Chen Kun (; born February 4, 1976), sometimes credited as Aloys Chen, is a Chinese actor and singer. He gained recognition from television dramas Love Story in Shanghai and The Story of a Noble Family and rose to international prominence with the films The Knot and Painted Skin. Chen has won the Hundred Flowers Award for Best Actor, Huabiao Award for Outstanding Actor, and received a Golden Horse Award nomination for Best Actor.

Chen ranked 68th on Forbes China Celebrity 100 list in 2014, 28th in 2014, 15th in 2017, and 52nd in 2019.

Biography
Chen Kun was born in Chongqing. He was raised by his maternal grandmother. His parents divorced soon after Chen's second younger brother was born, and Chen began working part-time in high school to support his mother. He started as a typist at the municipal office and later as a solo singer at night clubs. He showed early talent in singing and was strongly recommended by his vocal trainer and mentor to join the China Oriental Song and Dance Ensemble (now China National Song and Dance Ensemble) at Beijing in 1995. In 1996, he was admitted to the Beijing Film Academy, where he began taking acting classes.

In 2010, Chen established his own agency K Pictures (Dongshen Tonghua). He then set up a series of public charities named "Power to Go", aimed to encourage people to simply go outside and walk, in an effort to improve their health and spirit. The events were held on separate occasions in Qinghai and Tibet. In 2012, he published and co-authored the book Heading East, in the Direction of Peace (往西，宁静的方向), the first in a series of five books promoting the charity program. Chen was crowned as the "Weibo King" at the 2013 Sina Weibo Night for his popularity, influence and philanthropy work on the micro-blogging site. He was also the "Philanthropy King" at the 2014 iQiyi Awards Night.

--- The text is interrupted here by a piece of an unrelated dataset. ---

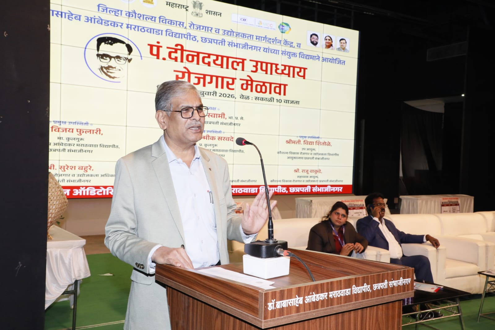 जिल्हा कौशल्य विकास, रोजगार व उद्योजकता मार्गदर्शन केंद्र व डॉ. बाबासाहेब आंबेडकर मराठवाडा विद्यापीठ, छत्रपती संभाजीनगर यांच्या संयुक्त विद्यमाने आज पंडीत दीनदयाल उपाध्याय रोजगार मेळावा आयोजित करण्यात आला. या मेळाव्याचे उद्घाटन जिल्हाधिकारी दिलीप स्वामी यांच्या हस्ते करण्यात आले. कुलगुरु डॉ. विजय फुलारी या मेळाव्याच्या अध्यक्षस्थानी होते. मेळाव्यास पदविका, पदवी व पदव्यूत्तर पदवीधारक उमेदवार मोठ्या संख्येने उपस्थित होते.

Chen is also a keen writer, having published and co-authored several books. His first book Suddenly Walked to Tibet (突然就走到了西藏) was published in 2011, and contains a collection of autobiographical essays. It was a huge commercial success, and Chen became the first and only actor to make it on to China's Writers Rich List. In 2014, he also published Strange Aquarius (鬼水瓶录), a short-story collection that takes inspiration from his Weibo posts and life story.

Personal Life 
Although he is not married, Chen has one son born in 2002 named Chen Zunyou (Youyou). Chen does not intend to reveal the identity of Youyou's mother.

Career

1999–2004: Debut and rising popularity
Chen debuted in the 1999 film The National Anthem. He rose to prominence with the 2001 television drama Love in Shanghai. His role as a poor clock repairer who manages to get through to a girl from a wealthy family suffering from infantile autism, made him an audience favorite.

Chen gained more international recognition in 2002, after starring in Franco-Chinese romance film Balzac and the Little Chinese Seamstress. The film was nominated at the Golden Globe Awards for Golden Globe Award for Best Foreign Language Film.

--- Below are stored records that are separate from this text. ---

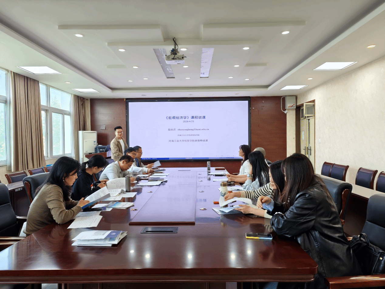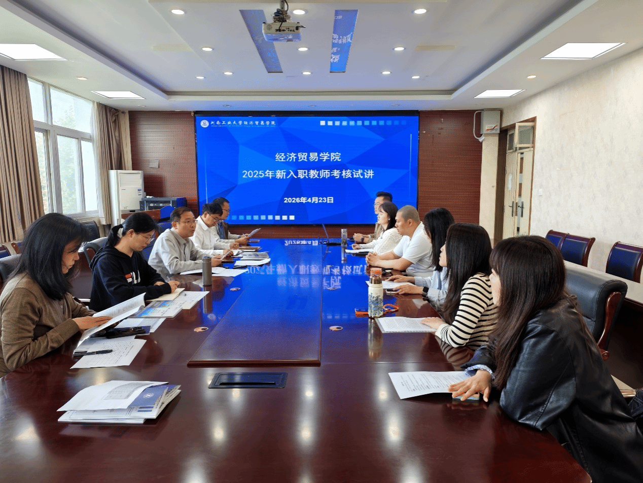 于4月23日下午在3501会议室开展2025年度新入职教师本科课堂教学准入考核工作。本次考核工作由副院长郭力主持,金融学系主任宋博、经济学系主任何宇鹏、财政学系主任潘美薇、国际经济与贸易系教师代表王殊等担任考核小组成员。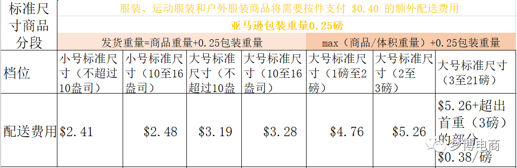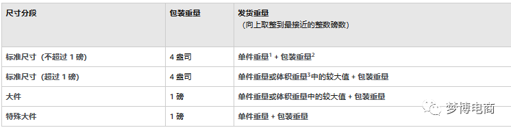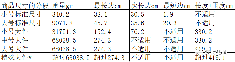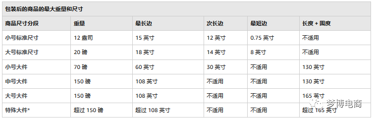 正文内容分成三个内容:了解计算费用的大概步骤+2020年物流配送费的变更+亚马逊收益计算器标准尺寸商品是指完全包装后的重量不超过 20 磅并且尺寸不超过以下标准的商品:超过上述尺寸的商品属于大件商品。如果商品成套销售,那么我们会计算整套商品包装在一起之后的总体重量和尺寸。要确定商品的正确分段,请在下表中找到测量值不超出商品的重量或尺寸的行。注:1磅=16盎司=453.59克 1英寸=63.5px 围度=(最短边+次长边)x2
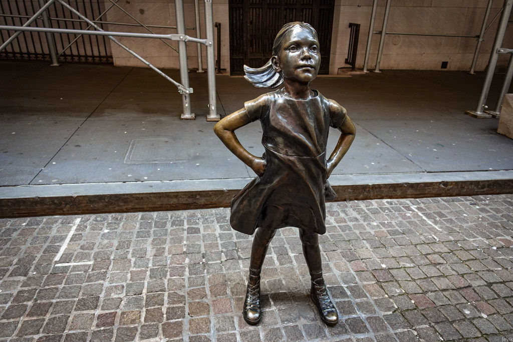 13. Это ещё одна бронзовая статуэтка: Бесстрашная Девочка, которая раньше стояла в паре кварталов отсюда, возле знаменитой скульптуры быка.

He then starred in the Republican series The Story of a Noble Family (2003), adapted from the novel of the same name by Zhang Henshui. The series was a commercial success, and recorded the highest ratings of the year. The role of Jin Yanxi became his most prolific work in his earlier years.

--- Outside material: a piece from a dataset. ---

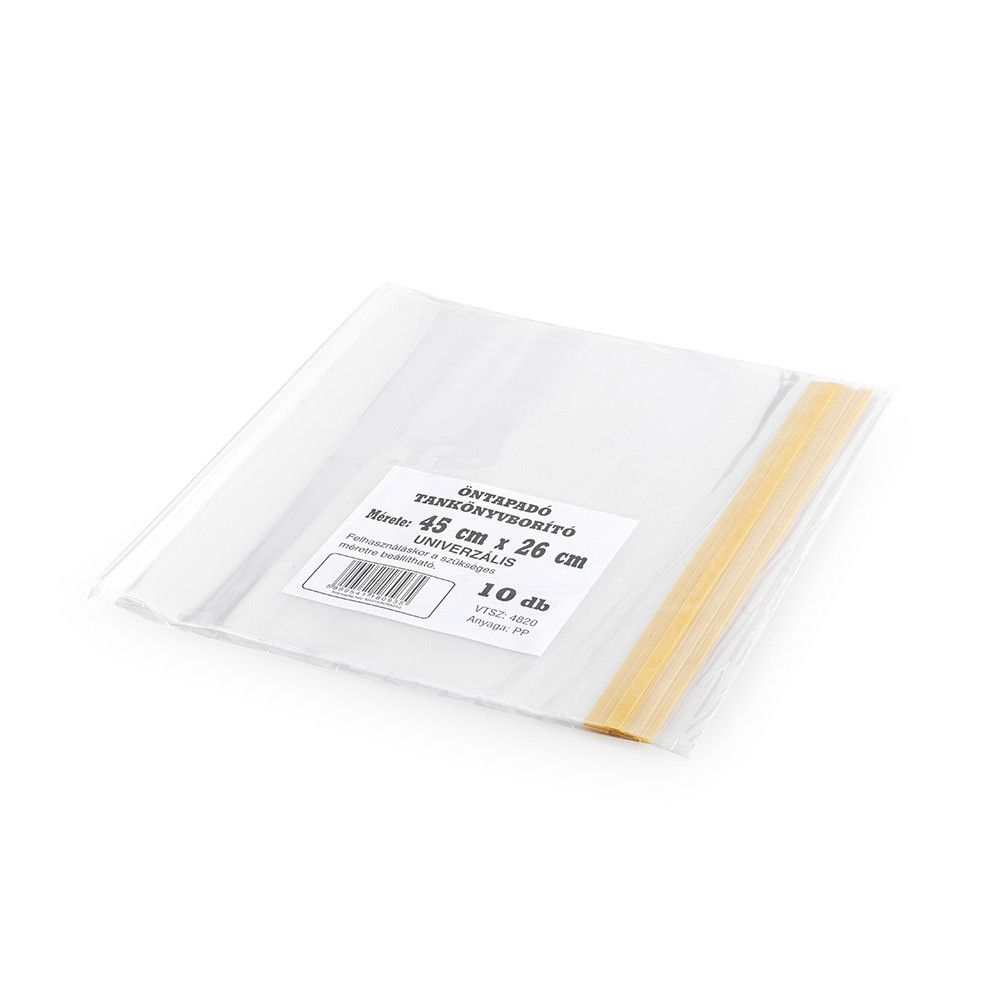 Tankönyvborító, füzetborító öntapadó ragasztócsíkkal A5 45x26cm, 10 db/csomag, víztiszta

2005–2016: Films and acclaim
Chen then starred in A West Lake Moment (2005), playing a love-seeking and idealistic young man who is not easily satisfied. He was nominated as Best Actor for his performance at the Golden Horse Awards. He next starred in The Music Box (2006), which earned him the Best Actor accolade at the Shanghai Film Critics Awards for capturing his screen character's years of arduous life and as well as his struggles and joys.

Chen rose to international prominence with The Knot (2007). He described the role as a "big challenge" to him, as he had to portray the maturing process of his character over 20 years. The film was a huge success and garnered 8 nominations at the 16th Golden Rooster Awards, including Best Actor for Chen. He also won Best Actor at the 2007 Huabiao Film Awards. He next starred in Gordon Chan's horror-adventure film Painted Skin (2008), which won him the Best Actor award at the Hundred Flowers Awards.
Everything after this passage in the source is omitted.